The post-2020 rise in ADHD diagnoses, particularly among adolescents and young adults, coincides temporally with the COVID-19 pandemic and raises important questions regarding causality versus increased diagnostic awareness. This paper proposes an integrated physiological model in which SARS-CoV-2 infection acts as a systems-level stressor, unmasking or amplifying ADHD- and ASD-like phenotypes through disruption of preload-dependent cerebral perfusion, neurovascular integrity, and metabolic flexibility.

At the core of this model is preload failure, resulting in reduced cerebral perfusion pressure and loss of vascular pulsatility, which together drive regional hypoxia—most prominently within the brainstem, cerebellum, and executive control networks. This initiates neurovascular unit (NVU) dysfunction, including pericyte detachment, endothelial instability, and blood–brain barrier permeability, further compounded by RAAS dysregulation and extracellular matrix (ECM) remodelling that impair venous and glymphatic clearance.

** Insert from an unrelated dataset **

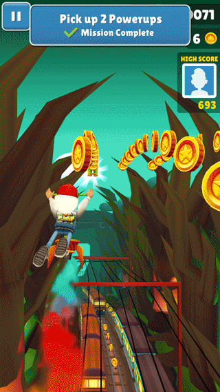 收集硬币是获取高分和购买角色、道具的重要途径,要尽可能多地收集硬币。
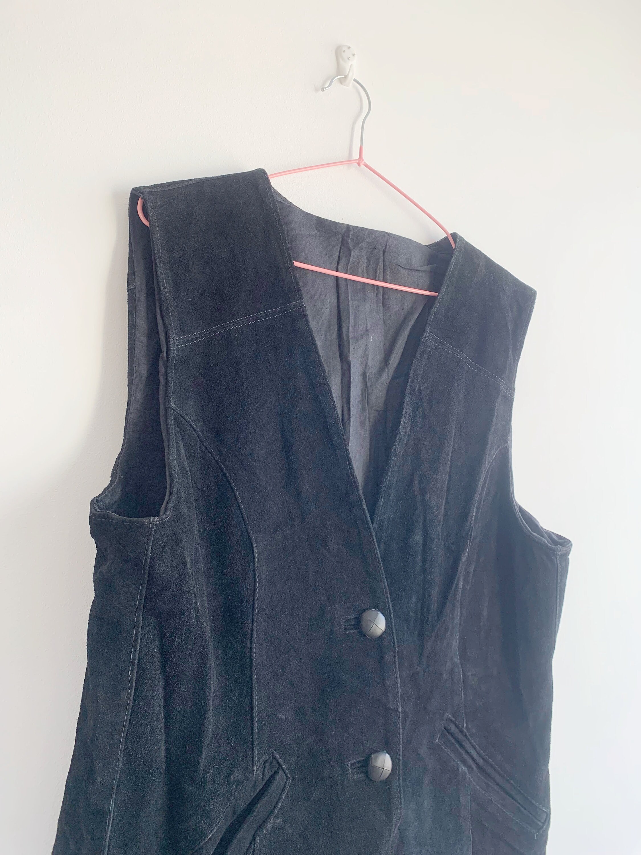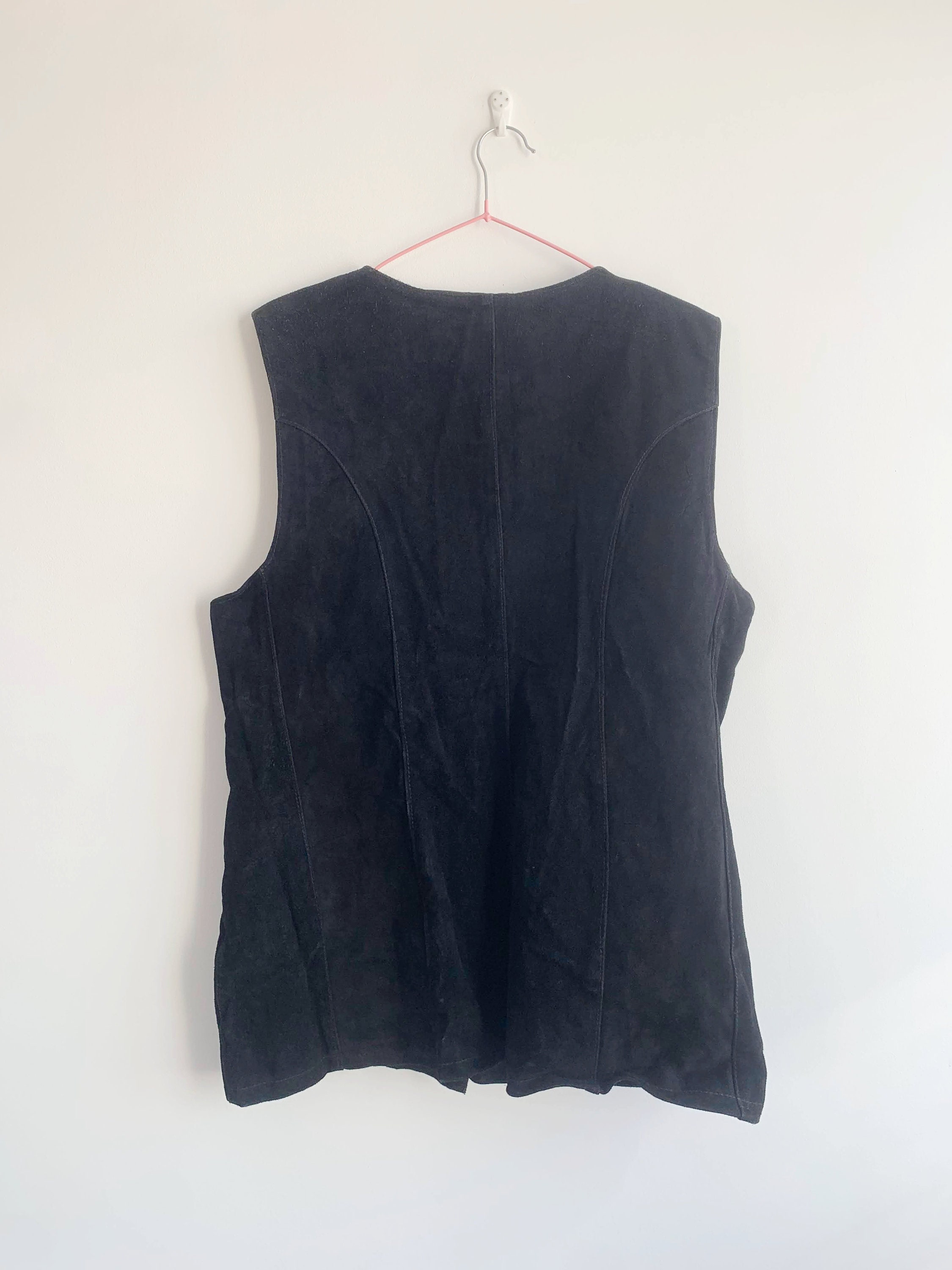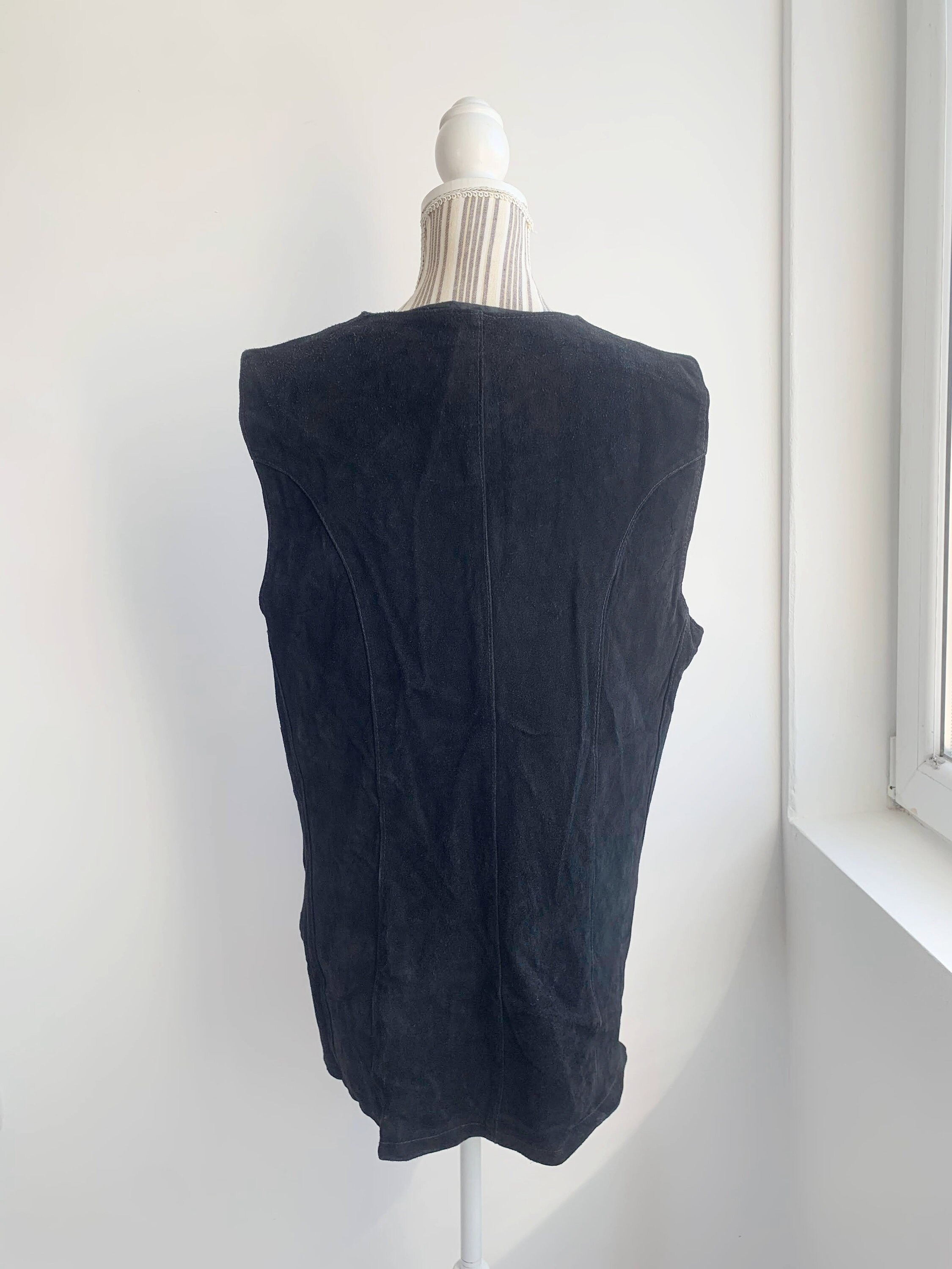 This is a vintage 80s black heavy real suede leather vest for women with button front closure with leather buttons. This black suede vest has black cotton lining. There is no tag or label. It fits like sizer L/ XL women's. Please check the measurements below.

Downstream, hypoxia induces a shift from adaptive HIF-1α signalling to chronic HIF-2α–mediated metabolic rigidity, with disruption of the lactate and malate–aspartate shuttles, reduced mitochondrial efficiency, and impaired redox buffering. These processes converge to reduce inhibitory reserve, reflected clinically and biochemically by low GABA and aspartate, and functionally by instability in cortical network regulation.

Functional imaging using SPECT demonstrates reproducible patterns of brainstem–cerebellar hypoperfusion with concurrent cortical and limbic dominance, reflecting network-level disinhibition and altered gain rather than simple relative preservation. This provides a mechanistic bridge between physiological dysfunction and the observed phenotype of attentional instability, sensory hypersensitivity, and cognitive fatigue.

This framework supports a model of acquired, state-dependent neurodivergence, arising from neurovascular–metabolic constraint rather than primary neurodevelopmental pathology. It emphasises the need for integrated management strategies targeting perfusion, autonomic regulation, metabolic recovery, and structural contributors, rather than reliance on neuromodulatory therapies alone.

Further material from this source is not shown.